INTERNAL GROWTH, MARKET EXPANSIONEncompass does have a residential group which focuses on hvacr and plumbing services, generating 10% of its revenues from 21 “business units.” The remainder of the revenues come from 38 “mechanical units,” which concentrate on commercial construction and service. Both groups have combined revenue of $832 million through the first six months of 2000. Total revenues from 1999 were $1.5 billion.
“Commercial mechanical and electrical comprise about two-thirds of our business; so that is where our focus is, although our residential business continues to grow well internally,” said Ivey.
Like some of the other original consolidators, Encompass is looking more toward internal growth and expansion of its market base. Those two goals don’t necessarily equate to an immediate need to acquire more businesses.
“We are functioning as an operating business,” said Ivey. “We are looking to expand our business but not necessarily through acquisitions. We have an operation-driven strategy, not an acquisition-driven one.”
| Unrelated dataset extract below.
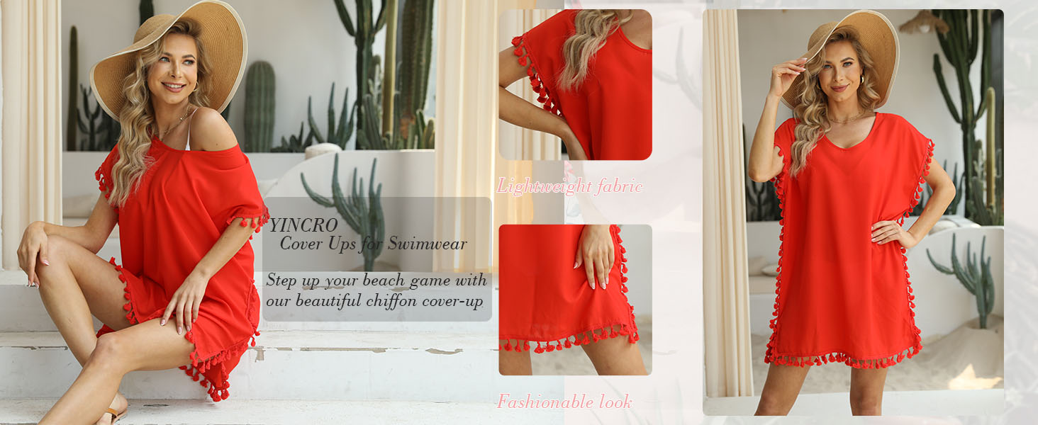 فستان سباحة أنيق على الشاطئ: فستان سباحة أنيق ومشرق على الشاطئ.

Encompass is looking at major markets in the U.S. where it is not represented. The idea here is to begin startup businesses, as opposed to acquiring existing ones.
“We will look at the top 100 markets and in those that we do not have a presence, we’ll decide on the best strategy to enter that market,” said Ivey.
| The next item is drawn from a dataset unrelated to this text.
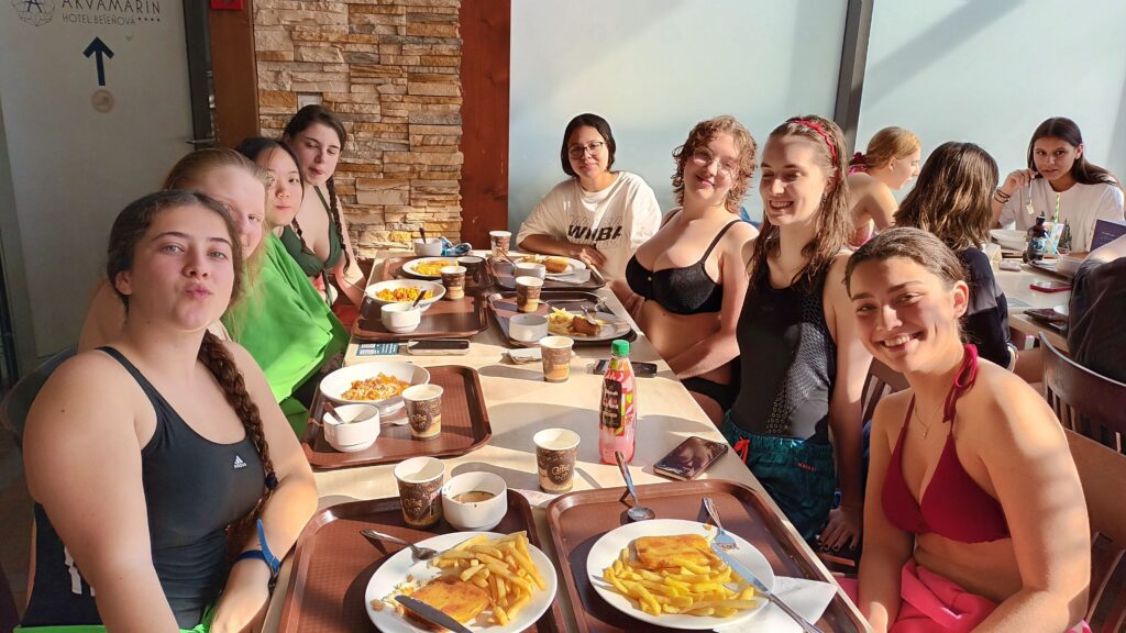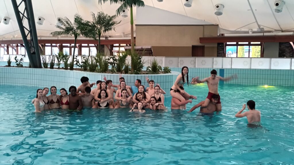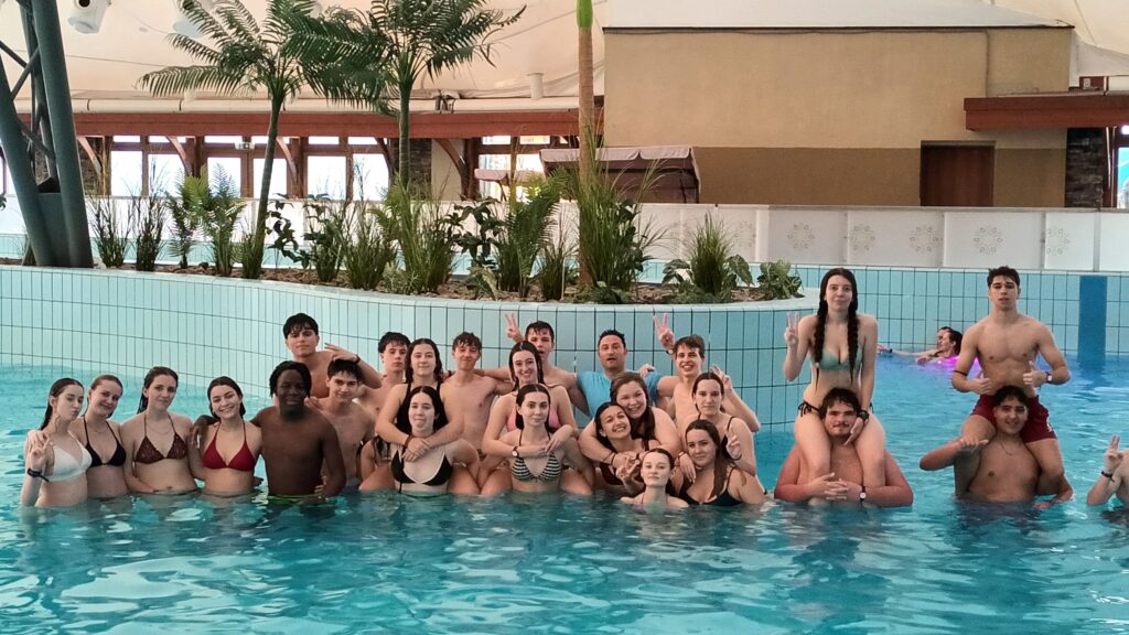 Dia 4 Intercanvi Eslovàquia Javi Hinojosa13/03/26 Avui, “corrientes que curan”: hem anat a un balneari d’aigües termals després d’una xerrada sobre els seus beneficis. Hem estat en remull tot el dia! Una gran experiència termal; hem tornat ben relaxats.

FORMER OWNERS ARE BEST PEOPLEIn its current markets, Encompass has been able to utilize the leadership of former owners to grow the business. Ivey believes the former owners make up some of the most valuable people in the company.
“Encompass prefers to have the best possible people available to run these businesses,” Ivey said. “And in the majority of the cases, these people are the former owners.”
With the shift from consolidation to operation, Encompass has put less emphasis on going out and finding new businesses to acquire. As Ivey puts it, the company’s primary strategy is “an internal growth strategy.”
“We would like to grow our revenues 8% to 12% each year and grow our earnings at a faster rate,” he said. “We think we can do that by having an internal focus.”
Ivey said there may be a few more acquisitions by the end of the year, but added, “we cover the map awfully well.”
“We have strong assets in major markets all over the U.S.,” he said, “so we don’t have a crying need to acquire a business in a particular location.”
SETTLING INEncompass seems to have “mirrored” the model of a company that starts out in the acquisition stage and eventually settles in the operations phase.
“We did fewer acquisitions in 1999 than 1998,” he said. “This year we’ve done very few acquisitions, possibly two or three. We don’t have any acquisition officers in the field.
“We still get one or two contacts a week from owners wishing to sell but this is just not something we’re pursuing now.”
Ivey likes to think of his company as having two great strengths: the quality of the assets of each business unit across the country and their strength in local markets; and the ability of each unit to work together as a national business.
He likes what he sees so far and wants to keep the hvacr service industry an attractive one.
“We need to promote the positive side of our business,” he said. “We do have a dynamic industry.”